» **Extracted records**

═══

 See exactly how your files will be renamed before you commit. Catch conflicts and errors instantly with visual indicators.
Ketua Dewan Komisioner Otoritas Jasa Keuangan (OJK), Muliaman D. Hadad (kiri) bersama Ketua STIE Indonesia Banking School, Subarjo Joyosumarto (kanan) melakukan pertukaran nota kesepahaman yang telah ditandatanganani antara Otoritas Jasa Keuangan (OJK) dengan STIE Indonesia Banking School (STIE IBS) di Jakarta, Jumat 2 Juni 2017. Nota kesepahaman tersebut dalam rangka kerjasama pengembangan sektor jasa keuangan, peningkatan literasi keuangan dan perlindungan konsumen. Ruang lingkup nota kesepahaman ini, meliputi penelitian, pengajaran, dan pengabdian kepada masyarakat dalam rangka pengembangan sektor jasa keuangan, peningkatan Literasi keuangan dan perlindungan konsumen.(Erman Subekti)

═══

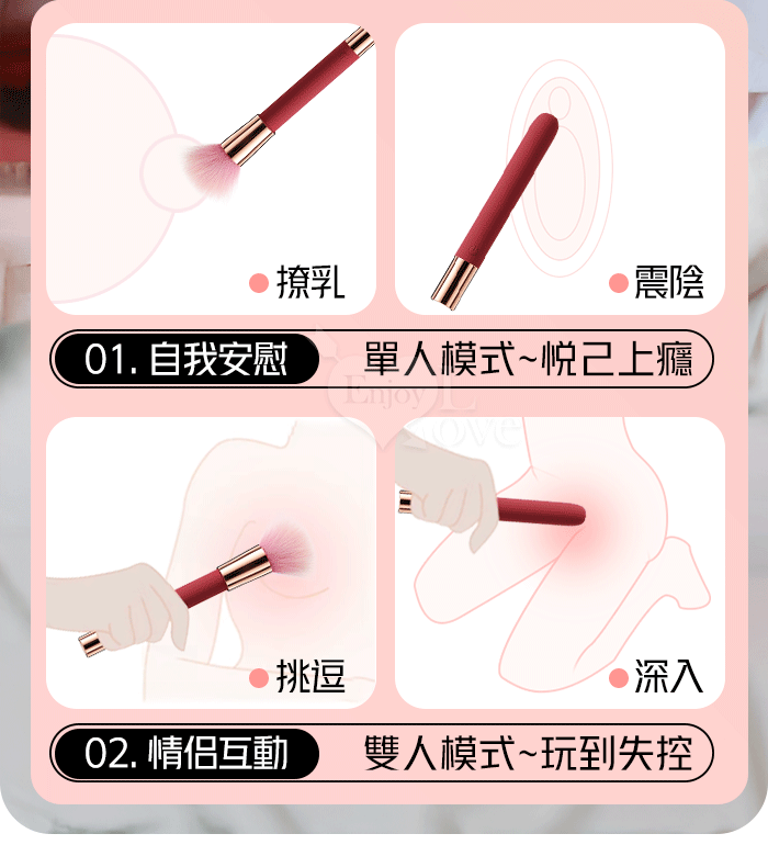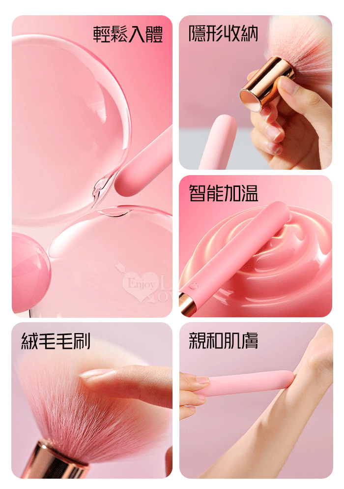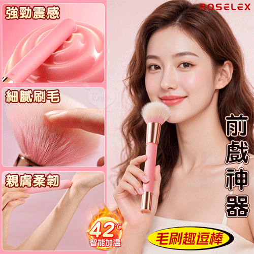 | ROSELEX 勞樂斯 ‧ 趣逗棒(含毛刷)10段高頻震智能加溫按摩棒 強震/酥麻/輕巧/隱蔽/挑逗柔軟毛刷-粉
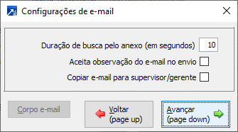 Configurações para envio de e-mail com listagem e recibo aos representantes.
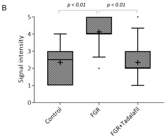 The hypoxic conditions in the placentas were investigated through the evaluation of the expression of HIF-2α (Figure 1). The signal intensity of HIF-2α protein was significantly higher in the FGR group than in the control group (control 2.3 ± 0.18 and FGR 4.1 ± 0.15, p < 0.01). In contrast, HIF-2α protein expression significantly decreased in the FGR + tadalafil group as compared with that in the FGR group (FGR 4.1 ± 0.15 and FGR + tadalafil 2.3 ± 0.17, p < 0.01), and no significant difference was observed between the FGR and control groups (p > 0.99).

═══

Set down, from the entries above, exactly the lines from the one with "See exactly how" up to and including the one with "Ketua Dewan Komisioner", and no other lines.

 See exactly how your files will be renamed before you commit. Catch conflicts and errors instantly with visual indicators.
Ketua Dewan Komisioner Otoritas Jasa Keuangan (OJK), Muliaman D. Hadad (kiri) bersama Ketua STIE Indonesia Banking School, Subarjo Joyosumarto (kanan) melakukan pertukaran nota kesepahaman yang telah ditandatanganani antara Otoritas Jasa Keuangan (OJK) dengan STIE Indonesia Banking School (STIE IBS) di Jakarta, Jumat 2 Juni 2017. Nota kesepahaman tersebut dalam rangka kerjasama pengembangan sektor jasa keuangan, peningkatan literasi keuangan dan perlindungan konsumen. Ruang lingkup nota kesepahaman ini, meliputi penelitian, pengajaran, dan pengabdian kepada masyarakat dalam rangka pengembangan sektor jasa keuangan, peningkatan Literasi keuangan dan perlindungan konsumen.(Erman Subekti)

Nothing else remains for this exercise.